Nanterre – 3/6 octobre 2007
Titre : Les rapports entre individu et genre : Réflexions à propos de
« Prolégomènes pour une ontologie de l’être social » de G. Lukács
Ester Vaisman-Chasin*
Il ne s’agit pas ici de reprendre en détail la trajectoire intellectuelle longue et
sinueuse de l’auteur. Dans un article publié en 20051, j’ai déjà souligné le fait que
« Lukács peut être considéré comme un des penseurs les plus influents de la culture
marxiste contemporaine.
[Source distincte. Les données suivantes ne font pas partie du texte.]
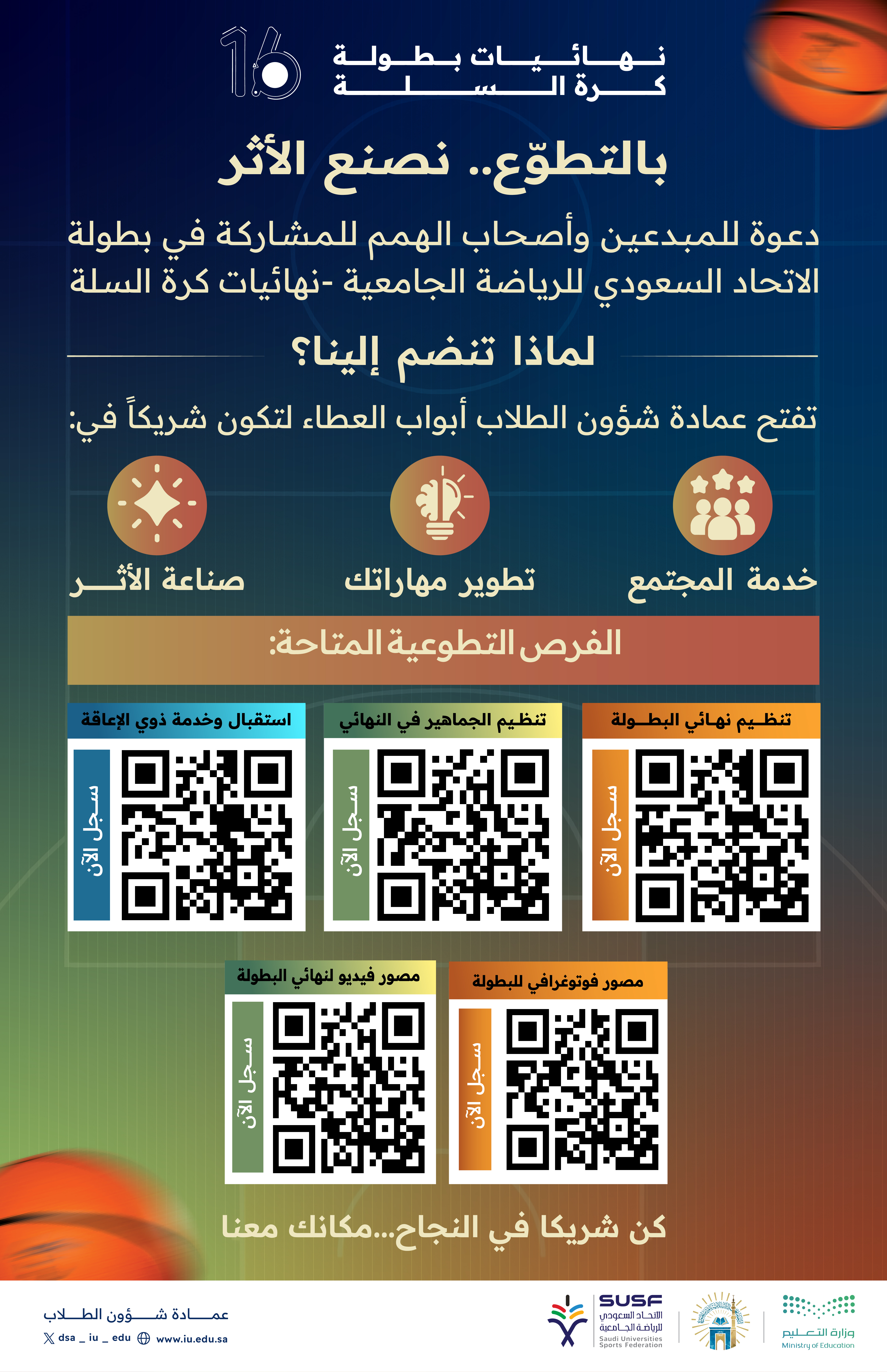 يسرّ عمادة شؤون الطلاب دعوة طلابها من أصحاب المهارات والخبرات للمشاركة في الفرص التطوعية المتاحة، والمساهمة في صناعة أثر مجتمعي فاعل، من خلال مجالات تطوعية متنوعة تشمل الجوانب التنظيمية، والمهارية، والاحترافية، بما يخدم المجتمع المدني ويعزز قيم العطاء والمسؤولية.
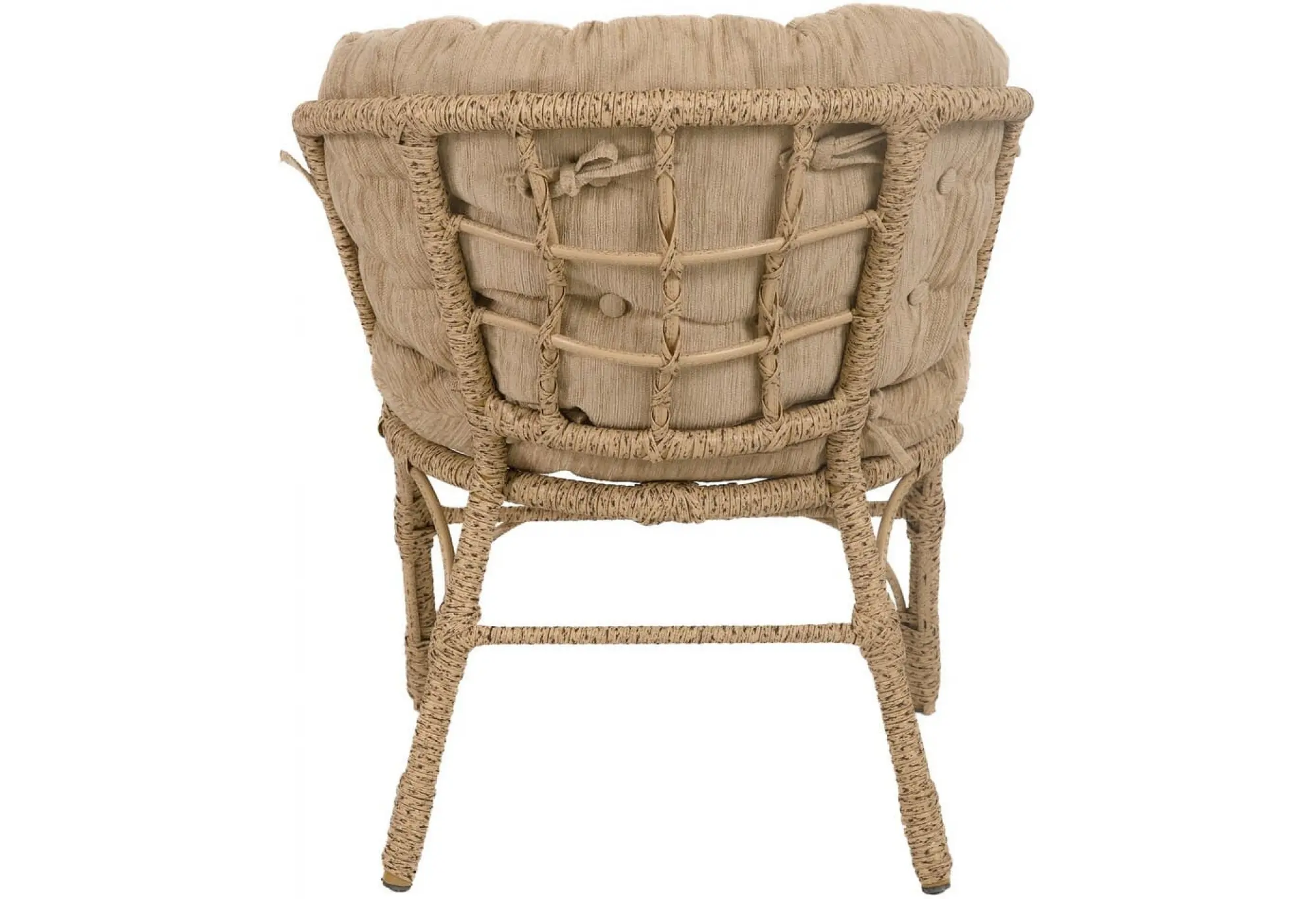 Кресла имеют округлую форму спинки и сиденья, создавая удобную посадку для длительного отдыха. Мягкие бежевые подушки визуально облегчают композицию и улучшают комфорт, их легко снимать при необходимости. Стол оснащен круглой столешницей оптимального диаметра для размещения напитков, посуды и небольших закусок. Небольшая высота стола способствует комфортному общению, не загромождая пространство.
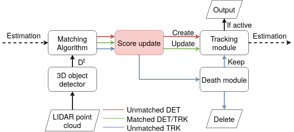 翻译:多球跟踪是自主导航中的一个关键组成部分,因为它为决策提供了宝贵的信息。 许多研究人员通过过滤框架三维探测来完成三维多球跟踪任务; 但是,他们的重点主要在于寻找有用的特征或适当的匹配度量。 我们的工作侧重于追踪系统中一个被忽视的部分: 评分改进和跟踪结束。 我们显示,在根据轨迹评分结束轨道时,根据时间一致性来操纵评分可以改进跟踪结果。 我们这样做的方法是增加配对的赛道的得分,配有得分更新功能,减少不匹配的赛道分。 与基于计算的方法相比,我们的方法在使用不同数据集的各种探测器和筛选算法时,始终产生更好的AMOTA和MOTA的得分。 AMOTA的得分在MOTA评分上升到1.83和2.96。 我们还使用我们的方法作为迟融合组合方法,并且用一个坚实的比基于投票的组合方法要好。 它在以67.6的AMOTA评分中, 在使用各种探测器/Cengius com 进行其他可比较的代码测试。
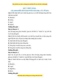 Đây là bản xem th , vu ử i lòng mua tài li u ệ đ xe ể m chi ti t ế (có l i ờ gi i ả ) BÀI 7: TH C Ự HÀNH: XÁC Đ N Ị H M T Ộ S Ố THÀNH PH N Ầ HÓA H C Ọ C A Ủ T B Ế ÀO Câu 1: Để nh n ậ bi t ế s ự có m t ặ c a ủ glucose, ta có th ể s ử d ng ụ dung d ch ị hóa chất nào sau đây? A. Benedict. B. Iodine. C. AgCl. D. AgNO3. Hư ng ớ d n gi ẫ i ả : Đáp án đúng là: A Khi s ử d ng ụ dung d ch ị benedict, glucose se kh ử Cu2+ thành Cu+ t o a k t ế t a ủ Cu2O màu đ g o ch. a Câu 2: Khi cho thu c
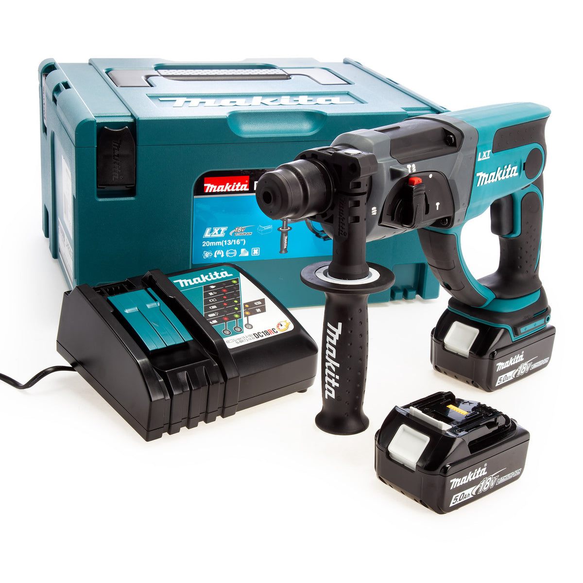 Makita DHR202RTJ 18V LXT SDS+ Rotary Hammer Drill (2 x 5.0Ah Batteries) in Makpac Case
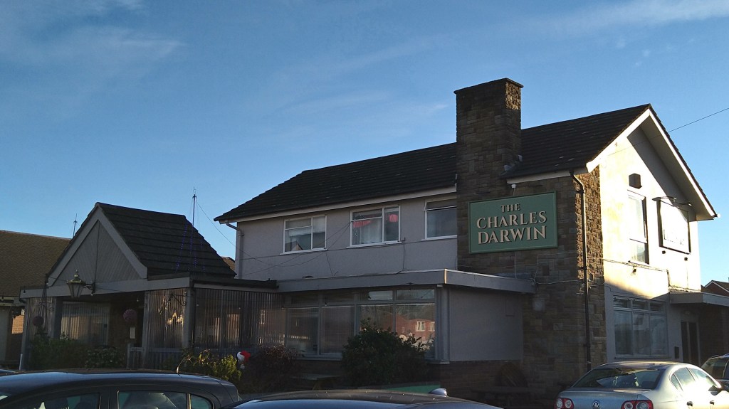 By now it was about 1pm as we walked over to meet fellow Blues fan Adam and his family who were in a pub named after one of the town’s most famous sons, scientist Charles Darwin. We arrived at the Sutton Road hostelry for a soft drink (as I was the nominated driver) and to eat some food we grabbed en route.
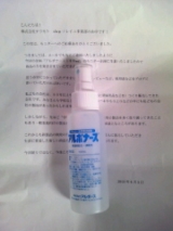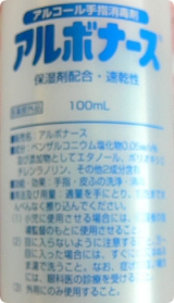 20100831 165836 アルボナース エタノール消毒液 テーマ:モニター当選 モニプラさんで当選して、株式会社テラモト様からこちらを頂きました アルコール手指消毒剤 アルボナース 100ml 特徴: 水洗い不要の速乾性アルコール手指消毒剤 アルコールと殺菌剤(塩化… 2010/08/31
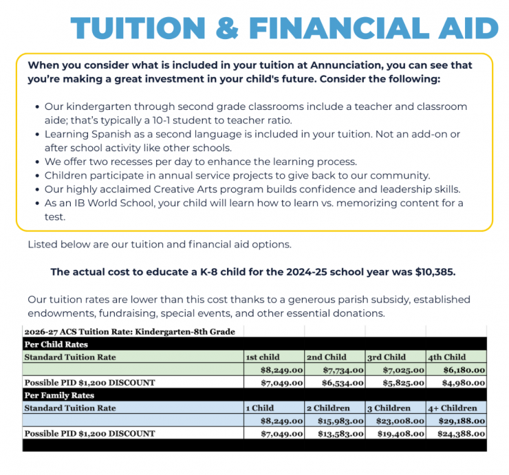 The Aim Higher Scholarship is awarded to students from families seeking tuition assistance. The scholarship follows students from Kindergarten through 8th grade and to other Catholic schools.
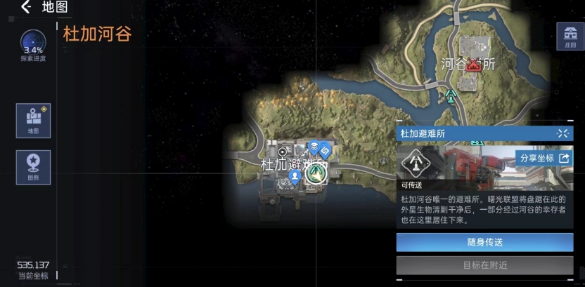 如果没看见的话,那么可以试试寻找该地图中(535,137)的坐标,这一坐标正好对应了该避难所中的远程终端,之前激活过的话那么就可以直接利用随身传送功能快速前往该处。
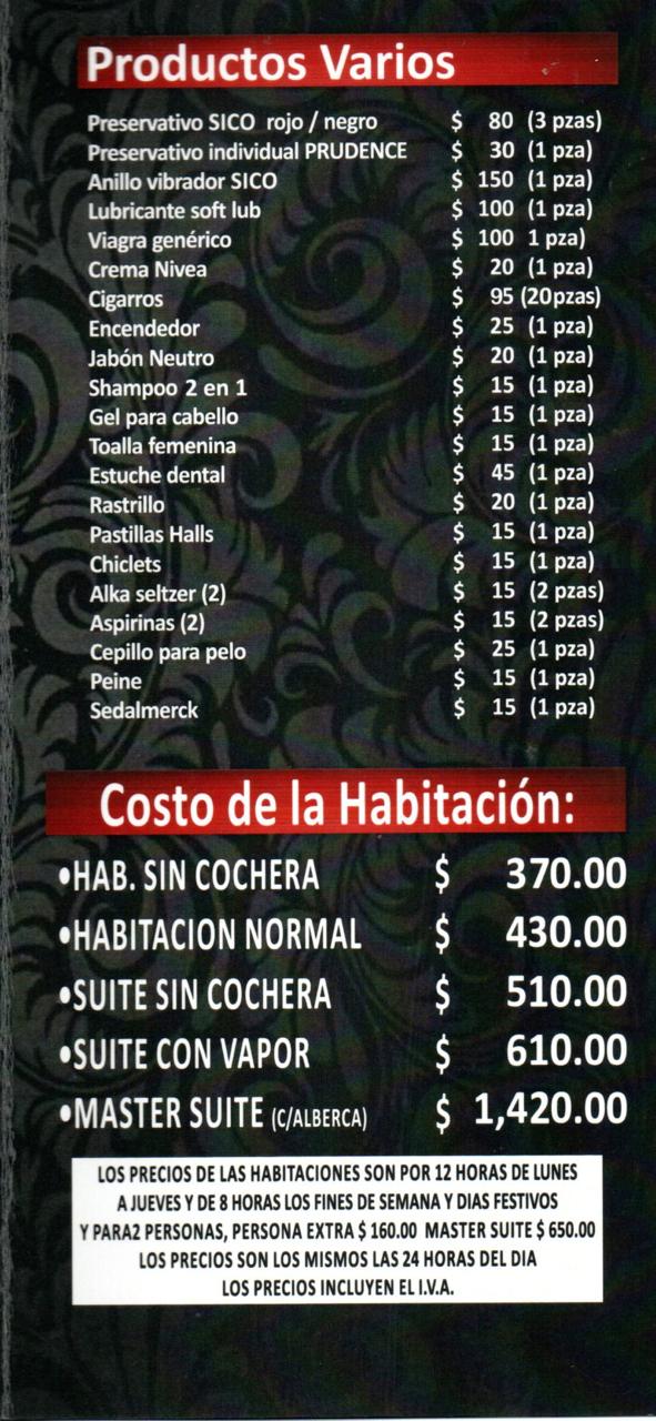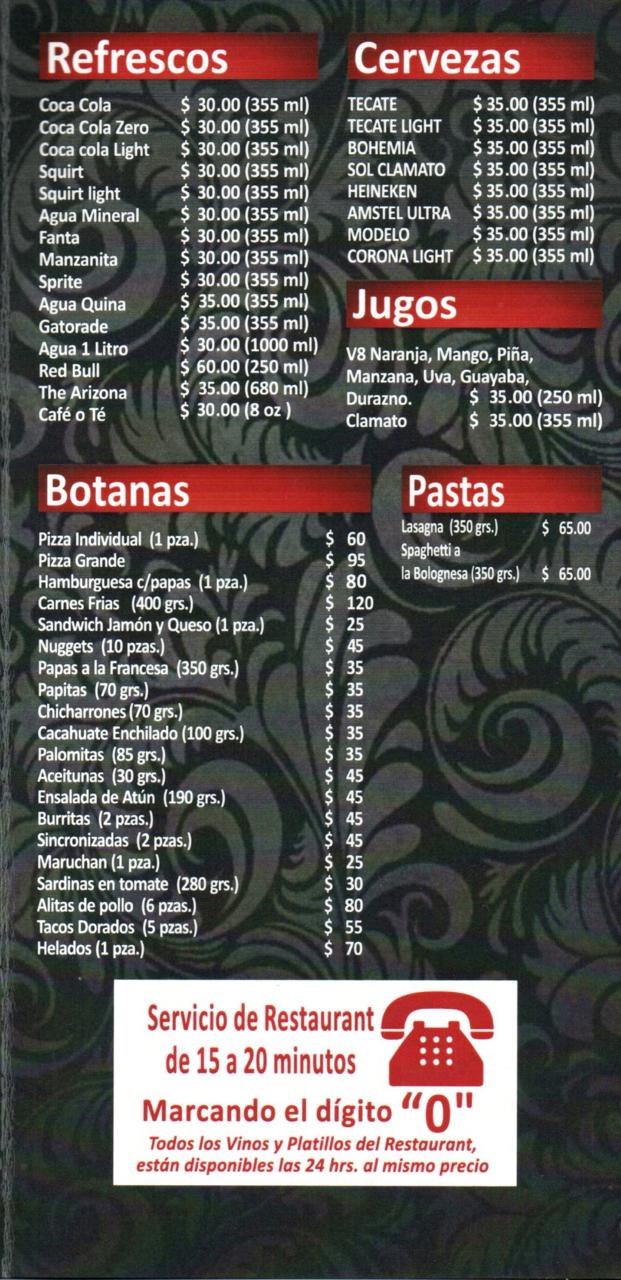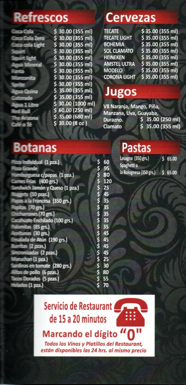 Servicio de Restaurante & Bar con precios fijos las 24 hrs todos los días del año. Con un amplio surtido en vinos, licores y cervezas. Ricas comidas y botanas. Consulte nuestro Menú que se encuentra en su habitación
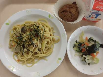 和風スパゲティ・牛乳・わかめサラダ・おからマフィン
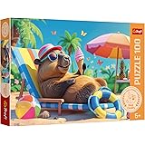 Trefl - The Treflik Family, Relajación al Estilo Capibara - Rompecabezas de 100 Piezas - Rompecabezas Coloridos con Animales, Entretenimiento Creativo, diversión para niños a Partir de 5 años
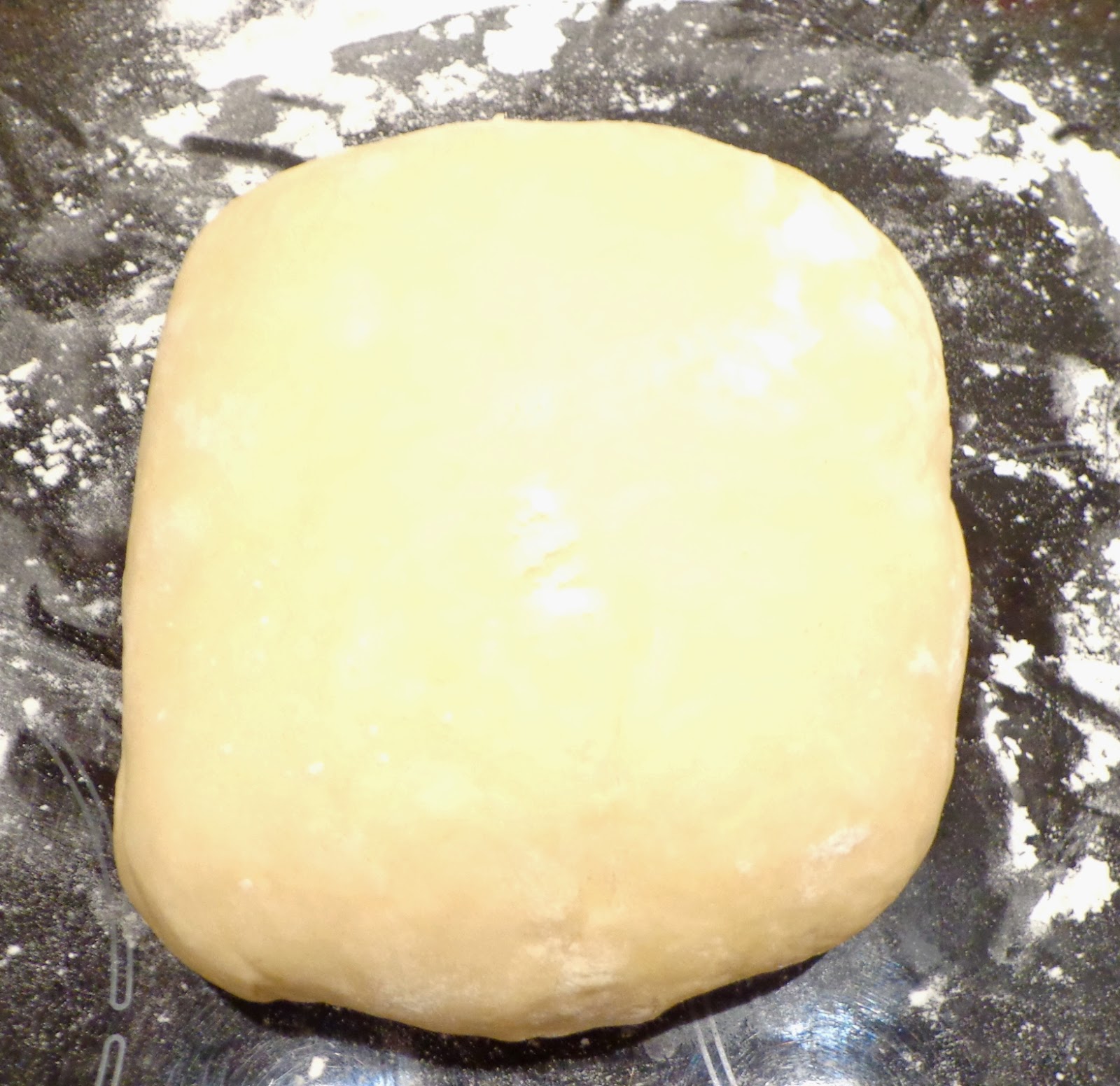 2. Place the dough on the floured surface and spread a square of 45×45 cm.
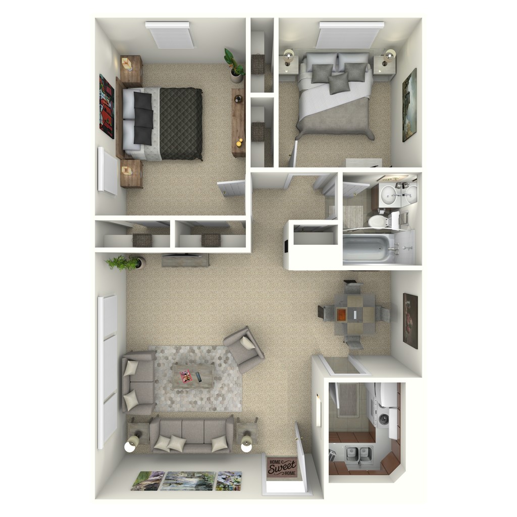 2 Beds, 1 Bath, 700 sq ftModel Gallery
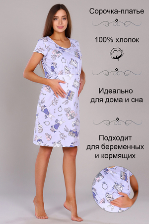 Сорочка женская с рукавом для беременных и кормящих. Данная модель выполнена из трикотажного полотна кулирка (хлопок 100%). Полочка состоит из двух частей, верхняя кокетка поднимается так, чтобы было удобно и без усилий покормить малыша.

Cette évaluation, il faut le dire, n’est pas seulement le fruit
du travail de ses interprètes, lesquels, d’une façon ou d’une autre, se sont alignés sur
l’œuvre du penseur hongrois, mais aussi de ses adversaires eux-mêmes »2. Par
ailleurs, et considérant le témoignage de Nicolas Tertulian, j’ai signalé que
« l’évolution intellectuelle de George Lukács nous offre une image singulière de la
formation et du devenir d’une personnalité dans les conditions agitées d’un siècle non
moins singulier, par sa complexité et par le caractère dramatique de son histoire »3.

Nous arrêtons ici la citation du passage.